O artista reconhece na liberdade criativa seu maior trunfo. Sem limitações de rotulagem de estilo ou grilhão conceitual de qualquer tipo, dedica-se a imprimir um frescor real em móveis novos por meio de processos renováveis e sustentáveis. Por isso integra a gangue dos principais designers de mobiliário contemporâneo. Sua obra mais famosa, que rodou o mundo, é o banco Sela, que consegue ser robusto e leve ao mesmo tempo. Hoje o banquinho é fabricado tanto em seu ateliê como pela tradicional movelaria dinamarquesa PP Mobler, que também produz desenhos de Zaha Hadid e Verner Panton, por exemplo.
Banco Sela, uma das principais criações de Ricardo.
Banco Sela, uma das principais criações de Ricardo.
Confira entrevista de Ferreira a HAUS, concedida em 2020:
Poderia fazer um resumo da sua caminhada acadêmica ou de vida até chegar a optar por ser ebanista? 
Minha decisão de fazer marcenaria surgiu depois de formado. Eu ingressei na faculdade para estudar desenho industrial. No meio do curso eu passei para marketing. Me formei. Cheguei a trabalhar um pouco com marketing. Mas foi durante esse período que decidi estudar marcenaria. Eu até então não imaginava que pudesse ser marceneiro. Mas quando me permiti tomar essa decisão, abriu-se em mim um canal de muita força.

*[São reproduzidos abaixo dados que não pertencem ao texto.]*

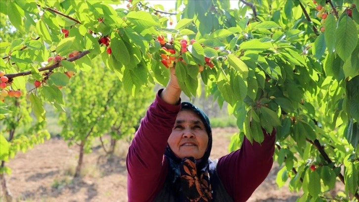 Bu yıl Manisa'da mart ve nisan aylarında etkili olan soğuk nedeniyle ilk kiraz, önceki sezonlara kıyasla yaklaşık 15 gün gecikmeyle Sancaklıbozköy Mahallesi'nde olgunlaştı.
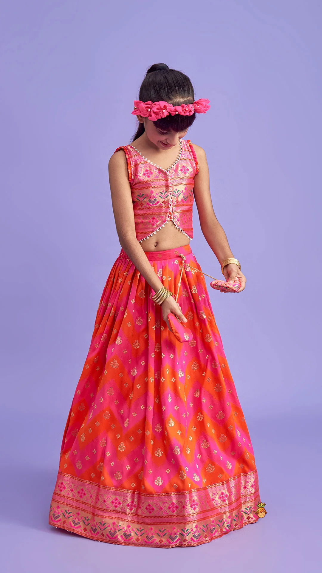 - Brocade Lehenga with a string at the front and matching sweetheart tassels attached to it
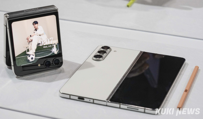 이날 폴더블 스마트폰 ‘갤럭시 Z 플립5’와 ‘갤럭시 Z 폴드5’가 전격 공개, 참석자들의 환호를 받았다. 두 시리즈 모두 새로운 ‘플렉스 힌지’를 장착, 균형 잡힌 디자인과 외부 충격을 분산시키는 구조가 가능해졌다. 갤럭시 Z 플립5는 이전 모델에 비해 더욱 커진 커버스크린 ‘플렉스 윈도우’로 눈길을 끌었다. 약 86.1㎜(3.4형) 크기다. 시계는 물론 핸즈프리 셀피, 삼성페이와 삼성헬스, 미디어, 통화, 구글파이낸스 등도 플렉스 윈도우를 통해 가능하다.
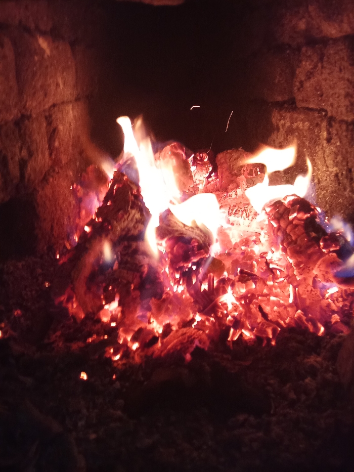 - "A close-up photograph captured in Yarun, Ukraine, depicts an active wood fire contained within a dark, stone- or brick-lined structure" by FM-ULG7s2, licensed under CC BY 4.0
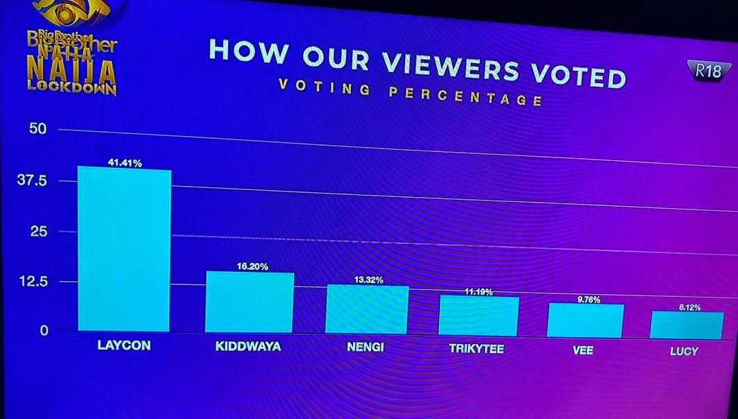 Laycon had the Highest votes with 41.41% votes.
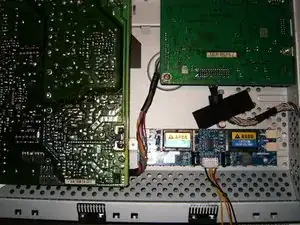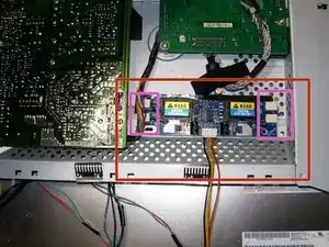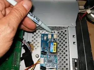 Поместите инвертор с липучкой в корпус. После правильной установки вставьте четыре разъёма подсветки в инвертор.
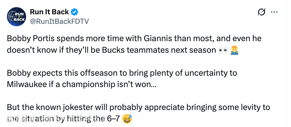 “所以,我真不知道下赛季会是什么局面。也不知道总经理乔恩和他的团队会怎么运作,怎么补强阵容,让我们更有竞争力去冲冠。这些我都不清楚。但你要问我留队信心,我只能说大概就在中间档位。从我2020年到这儿开始,每年夏天都是这样:只要球队赛季结束、被淘汰了,离队流言就会再次被提起,整个夏天都会没完没了,尤其是在选秀前后。所以只能等等看了。但我觉得,可能性大概就是5到7分之间,6、7分那样吧。”
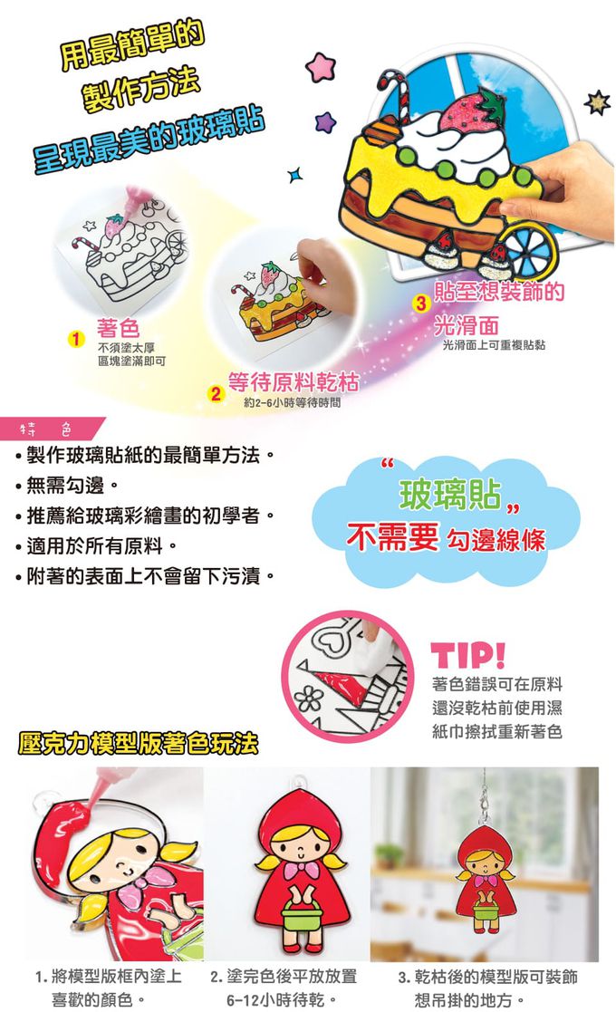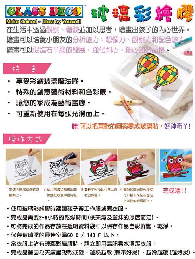 •使用玻璃彩繪膠時建議孩子穿工作服或舊衣服。
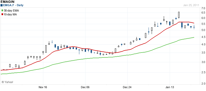 Gerüchte, dass die Technologie von Emagin künftig bei Produkten von Sony eingesetzt würde, sollten den Kurs weiter treiben.....sofern sie sich bestätigen.

Muita alegria. Tava me permitindo fazer algo que eu tinha muita vontade desde pequeno.
E foi aí, nessas análises e observações minhas, que eu fui me dando conta quanto a madeira fazia parte das minhas memórias. Lembrava de detalhes de móveis, dos brinquedos de madeira que eu observava como se encaixavam. Essa foi a minha decisão. Em 2002, quando a minha filha estava com 7 anos de idade, eu fui estudar marcenaria na Itália. Estudei por 4 anos, com muitas idas e vindas para ver a minha filha, e assim foi a minha introdução à ebanisteria. Sou formado por duas escolas, uma na itália e outra na França.
Em que consiste o trabalho do ebanista?
O trabalho do ebanista é: reconhecer e conhecer a matéria-prima que ele usa. Que é em grande parte a madeira, mas não exclusivamente. O ebanista de uma época era aquele marceneiro, daí vem o termo, que trabalhava não só com madeira, mas com materiais exóticos, nobres, de muito valor. Usava-se madeira, varias espécies, pérolas, metais, latão, prata, bronze, casca de tartaruga. Esses outros materiais eram usados para fazer adornos e para marchetaria, técnica que o ebanista também é qualificado em fazer. O termo surgiu a séculos atrás, até onde eu soube, na França porque os ebanistas trabalhavam com esses materiais exóticos, entre elas o ébano, a madeira preta, originária da África, aquela madeira preta dos pianos antigos.
Com quais madeiras você trabalha?
Adoro falar disso. São muitas. Aqui no Brasil a gente tem uma variedade muito grande. E pelo meu trabalho ser artesanal, de marcenaria tradicional e não mais industrializado, não em grande série e grande volume, isso me permite trabalhar com uma variedade maior de madeiras. Porque acabo tendo mais tempo, posso me dedicar a esse ou aquele material. Cada madeira é quase como que um material diferente. Tem caracteristicas diferentes. Gosto principalmente de roxinho, freijó, sucupira, muirapiranga, cumaru, ipê, jequetibá, louro-faia.
Até que ponto seu trabalho é uma expressão tipicamente brasileira?
Essa é difícil de responder porque tenho receio de se há uma expressão tipicamente brasileira. Sou cidadão brasileiro, nasci aqui, tive influências dos meus pais e do meu entorno, que é também brasileiro. Minha família tem origem na Europa, mas há três gerações atrás. Eu utilizo madeiras brasileiras, as madeiras tropicais. Mas não necessariamente. Eu gostava das madeiras europeias também. Agora o que faz o meu trabalho uma expressão brasileira é que eu sou brasileiro. Para aumentar a reflexão: um dos pais do móvel moderno brasileiro é o Joaquim Tenreiro, que era um português. Ele usava palhinha, que não sei se é algo brasileiro.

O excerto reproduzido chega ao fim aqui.